Wreckage of his airplane was found in recent years, but it wasn't until August of this year that his remains were positively identified.

For his family, it's been an emotional time.

"We're just so happy and so much celebrating the fact that we do have part of him that we can have here in a cemetery and, and honor him. But the end result is he's still not here," said his widow, Susan Richards.

Captain Chipman had been on a night combat mission over North Vietnam, two days after Christmas, when he entered a target area and was never heard from again.

It would take several days before word got back to his young wife and two sons.

Richards recalls that, "I opened the door and there was a Marine and uniform and my bishop."

"And so I first said, it's so great to see a Marine in uniform, and then it hit me what I was seeing. I was always the kind that just thought, nothing like this would ever happen. You know, everything's gonna be all right. And, and he's going to come home. But that isn't the way it turned out."

His son Scot recalls shoveling snow the day the terrible news arrived, but at just four years old, he didn't really comprehend what was happening.

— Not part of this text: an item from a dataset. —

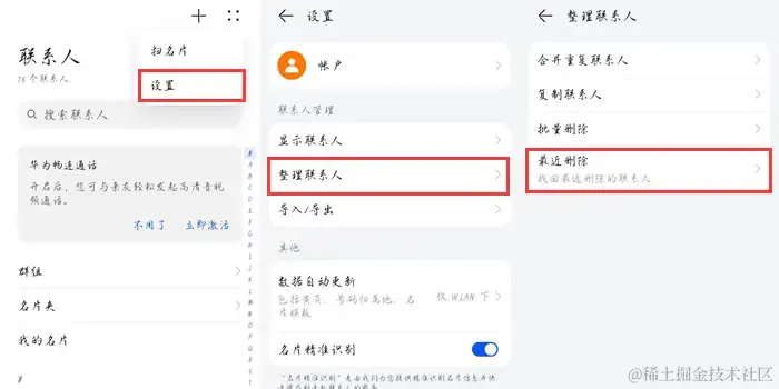 方法二:通过最近删除功能恢复通讯录

For decades, the search for their husband and father languished, but at the prodding of the daughter of Captain Chipman's navigator, Ron Forrester, search teams returned to Vietnam to excavate for his remains.

It's a task they consider to be humbling.

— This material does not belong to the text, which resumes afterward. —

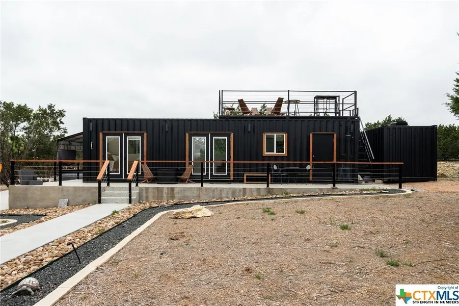 *Please text listing agent for gate access* Escape to your own private retreat nestled in the heart of the Texas Hill Country. Here you will find Cross Timber Ranch and Heartleaf Ranch, one of the only lots primed and ready for your living and entertaining enjoyment. On this 10.08 acre lot you will find 2 living quarters, each over 300 sq ft. The first is a redesigned container home featuring a bedroom, full bathroom, kitchenette and living area. The container home is amply equipped with air conditioning, heat and a water heater. Atop the container home is a spacious rooftop patio perfect for enjoying the beauty of the hill country and the natural roaming wildlife found within the fences of the Cross Timber Ranch grazing community. Just behind the container home is a charming barn dominium complete with bedroom, bathroom, indoor living area and spacious outdoor entertaining area. The barn dominium is equipped with air conditioning, heat, a water heater and utility room with washer/dryer connections. The owner's commitment to sustainability is evidenced throughout the property and includes a 12K-2400 RPS Solar System, a 250 ft deep natural spring well, a Pro+Aqua Elite Well Water Filter System and water softener (owned). Additional amenities found on the property that convey include 4 RV plugs, a playscape, 2 wildlife feeders, multiple TVs, 9 solar panels (owned) and 8 backup batteries, 8 Ring cameras, an operational outdoor shower, separate container structure for storage, a sprinkler system and multiple fire pits. Furnishings and furniture are negotiable but do not convey. Cross Timber Ranch is a high-fenced grazing community in which you will find free roaming game including Red Stag, Axis, Aoudad, White Tail, Mule Deer, Armadillo, Turkey, Roadrunners, Ram, Cattle and many more. Nestled among the extensive trees on this property you will also find a wet creek. Cross Timber Ranch is located near the new land purchased for Colorado Bend State Park.

Most people in American Fork never knew Captain Chipman, and the Vietnam War is a distant memory, but his return home on Saturday was not lost to them.

"We're here to celebrate Jim because he fought for us. He did lots of things for us. And he died for us," said family member Michael Gutierrez.

It's a sentiment many shared.

"I'm grateful for the unity that I feel. It's a great gathering of coming together as a community to honor somebody who gave everything for our country for us," said Kim Gerke, another family member of Captain Chipman.

U.S. Representative John Curtis called the ceremony at the American Fork cemetery "a very sacred and special experience for not just the family but the entire community."

It was an emotional and poignant gathering on Veterans Day, and the closing of a painful chapter for the family of Captain Chipman.

But thousands of people who lost family members in Vietnam are still waiting for their loved ones to be returned home.